Records contained in a dataset
+++++

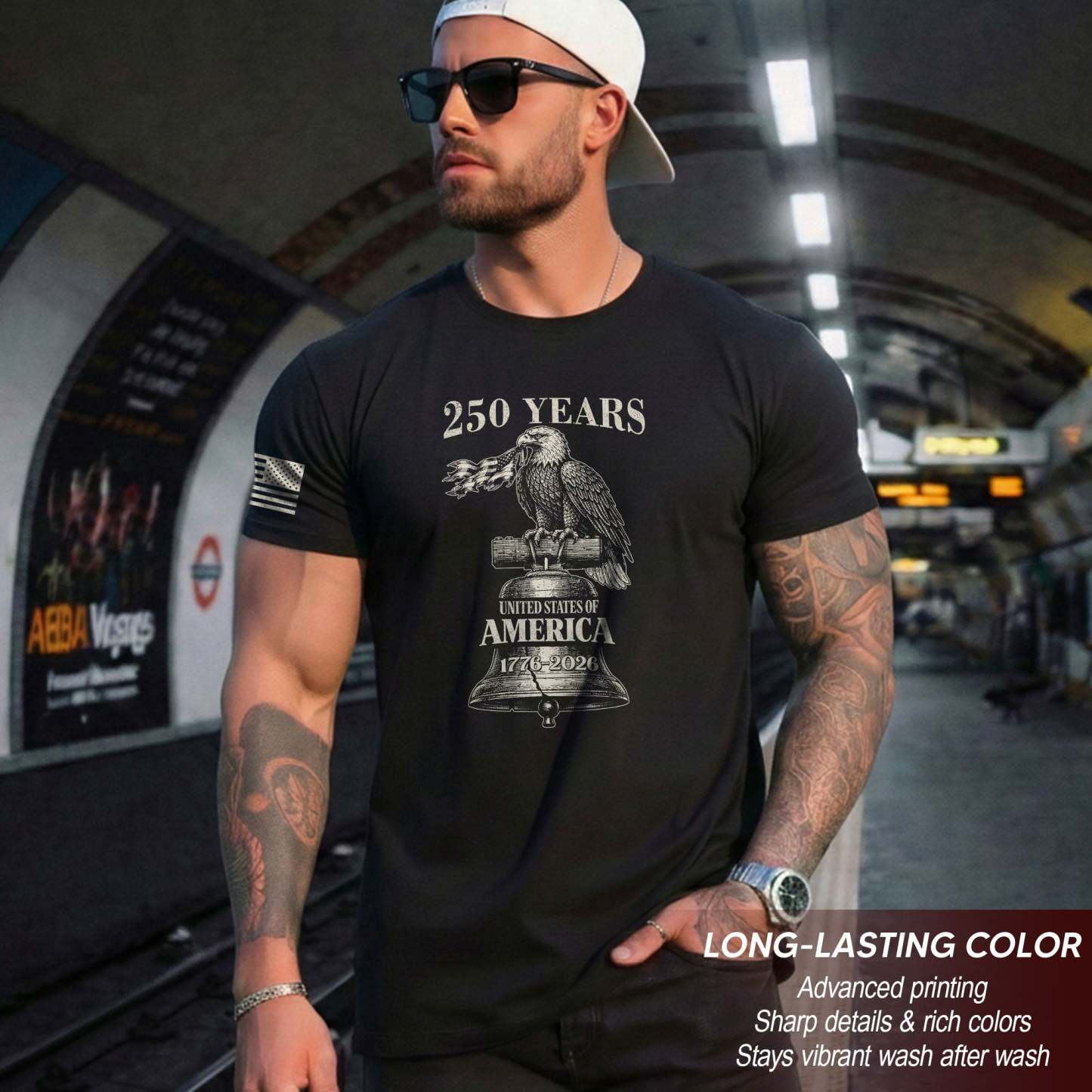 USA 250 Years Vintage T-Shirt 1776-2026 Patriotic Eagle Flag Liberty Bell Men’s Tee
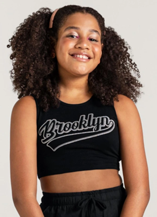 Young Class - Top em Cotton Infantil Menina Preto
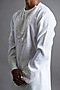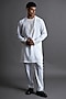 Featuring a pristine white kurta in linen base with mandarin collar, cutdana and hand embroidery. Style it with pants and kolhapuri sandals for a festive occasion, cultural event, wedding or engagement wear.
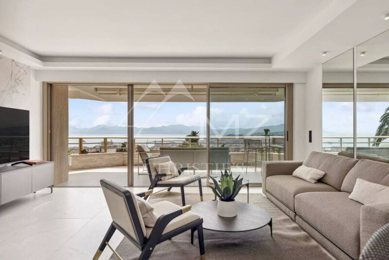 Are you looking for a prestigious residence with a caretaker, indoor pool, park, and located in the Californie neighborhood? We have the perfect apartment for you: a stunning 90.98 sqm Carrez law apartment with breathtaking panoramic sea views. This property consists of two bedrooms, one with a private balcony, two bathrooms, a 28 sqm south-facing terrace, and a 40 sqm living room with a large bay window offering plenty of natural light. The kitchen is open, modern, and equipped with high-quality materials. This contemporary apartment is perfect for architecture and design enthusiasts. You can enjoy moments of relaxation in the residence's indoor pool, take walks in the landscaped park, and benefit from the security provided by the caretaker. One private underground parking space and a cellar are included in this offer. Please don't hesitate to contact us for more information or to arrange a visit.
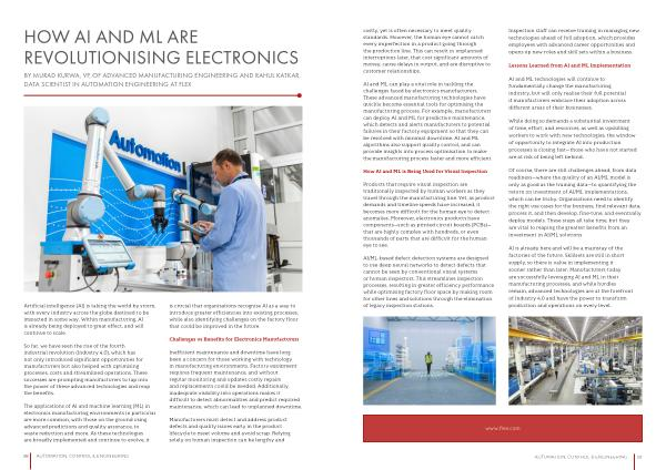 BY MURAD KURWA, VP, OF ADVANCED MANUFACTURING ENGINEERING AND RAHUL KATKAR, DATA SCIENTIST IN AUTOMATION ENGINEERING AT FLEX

+++++

TASK TO COMPLETE -> Would you output each entry exactly and leave the pictures behind?

ANSWER SECTION ->
 USA 250 Years Vintage T-Shirt 1776-2026 Patriotic Eagle Flag Liberty Bell Men’s Tee
 Young Class - Top em Cotton Infantil Menina Preto
 Featuring a pristine white kurta in linen base with mandarin collar, cutdana and hand embroidery. Style it with pants and kolhapuri sandals for a festive occasion, cultural event, wedding or engagement wear.
 Are you looking for a prestigious residence with a caretaker, indoor pool, park, and located in the Californie neighborhood? We have the perfect apartment for you: a stunning 90.98 sqm Carrez law apartment with breathtaking panoramic sea views. This property consists of two bedrooms, one with a private balcony, two bathrooms, a 28 sqm south-facing terrace, and a 40 sqm living room with a large bay window offering plenty of natural light. The kitchen is open, modern, and equipped with high-quality materials. This contemporary apartment is perfect for architecture and design enthusiasts. You can enjoy moments of relaxation in the residence's indoor pool, take walks in the landscaped park, and benefit from the security provided by the caretaker. One private underground parking space and a cellar are included in this offer. Please don't hesitate to contact us for more information or to arrange a visit.
 BY MURAD KURWA, VP, OF ADVANCED MANUFACTURING ENGINEERING AND RAHUL KATKAR, DATA SCIENTIST IN AUTOMATION ENGINEERING AT FLEX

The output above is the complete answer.